70: Armchair Shopper

70: Armchair Shopper

From Chicken Soup for the Soul: Living with Alzheimer's & Other Dementias

Armchair Shopper

A bargain is something you can’t use at a price you can’t resist.

~Franklin P. Jones

In the beginning, we didn’t realize what was happening. We weren’t sure if Grandma Doris was just forgetful, or if it was deeper than that. She’d forget to eat lunch or she’d eat it twice. She’d forget to check her mail for a week or two at a time. She’d forget that she had already fed her dog, Feisty, and feed him again (several times a day).

But the last straw was when she put a cake in the oven, engaged the safety latch and then forgot how to open it. That cake baked until it turned black and smoked filled her apartment and the fire department was called.
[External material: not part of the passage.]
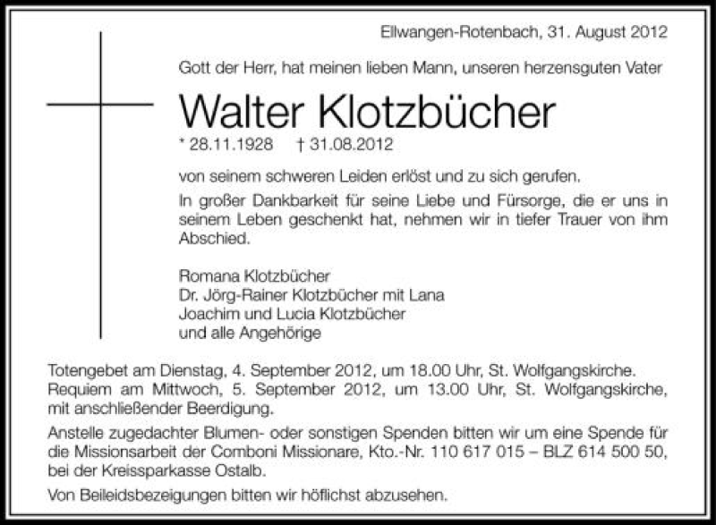 Hier finden Sie alle Traueranzeigen aus der Zeitung, die bisher für Walter Klotzbücher erschienen sind. Weitere Traueranzeigen, die in der Zeitung erscheinen, werden hier ebenfalls aufgelistet

My parents decided she should move in with them.

Dad took Grandma Doris’s driver’s license away, so she had to depend on us to get around. Oh boy, did she love to shop! She could peruse every aisle of every store for hours. She would inevitably come home with something that she just couldn’t live without.

Whenever I made a trip to my dad’s, I always asked Grandma if she wanted a ride to go shopping, which she usually did. Over time, as her Alzheimer’s progressed, her excitement for shopping lessened. Sad, I thought. She must be losing her spunk. Over dinner one weekend, I told my parents I was concerned that Grandma no longer seemed to want to go shopping. It seemed like she wasn’t herself anymore. To the contrary, they explained. Grandma was doing great. In fact, she was shopping more than ever.

Grandma, they told me, had discovered the home shopping channel. Everything she could ever want, she could find in the comfort of her own room, while lounging on her navy blue tweed recliner. I sat with her one day and observed her as she watched the shopping channel. She was captivated by the hosts. She held onto every word they said about colors, materials, sizes, shapes, quality, customer reviews, and testimonials. Sure enough, if she liked an item, she’d pick up the phone and order it right then and there. She had no idea what she needed it for, or what she’d do with it, but that didn’t matter. She never put her credit card away — she just kept it out, next to the phone, just in case.

The next time I came to visit, my parents gave me an update and told me all was well. She was still watching the shopping channel but was ordering items less frequently. It seemed harmless, so they didn’t stop her, especially because it made her happy and gave her a sense of freedom.

The next morning, the deliveryman came to the door with a rather large box. My parents joked with the man, (who they knew rather well by now) and wondered what Grandma had ordered that was so large and heavy. He said there were six more just like this box in the truck. He loaded the rest of them on his handcart and wheeled them up to the door. We thanked him and away he went.

Dad called up to Grandma and told her that her latest shipment was here. My dad opened one as we all stood around with great anticipation. Grandma had no memory of what she had ordered. Packing tape, Styrofoam and a few plastic bags later, Dad pulled a word processor out of the box. It was one of those original word processors from the 1980s — half computer, half typewriter — the latest technology at the time. And there were six more just like it.

Not only did Grandma not know what to do with a word processor, with her arthritic hands, she couldn’t type if she wanted to. The four of us stood in the entryway with seven heavy boxes stacked up around us. All we could do was laugh.

After a gentle discussion with Grandma, who still had no recollection of ordering those seven word processors, Dad decided she could no longer have unlimited unsupervised access to her credit card. She could watch the shopping channel, but she would need to ask Dad before she ordered anything.

The shopping channel took all seven word processors back without any problem. The usual deliveryman came to pick them up, and after that, they didn’t see as much of him, because Grandma’s shopping sprees were curtailed.

Grandma is gone now. The end of her life was hard and sad. But my parents and I try to focus on the funny things. It makes it a little less painful. And to this day, we still chuckle when we think of the word processors.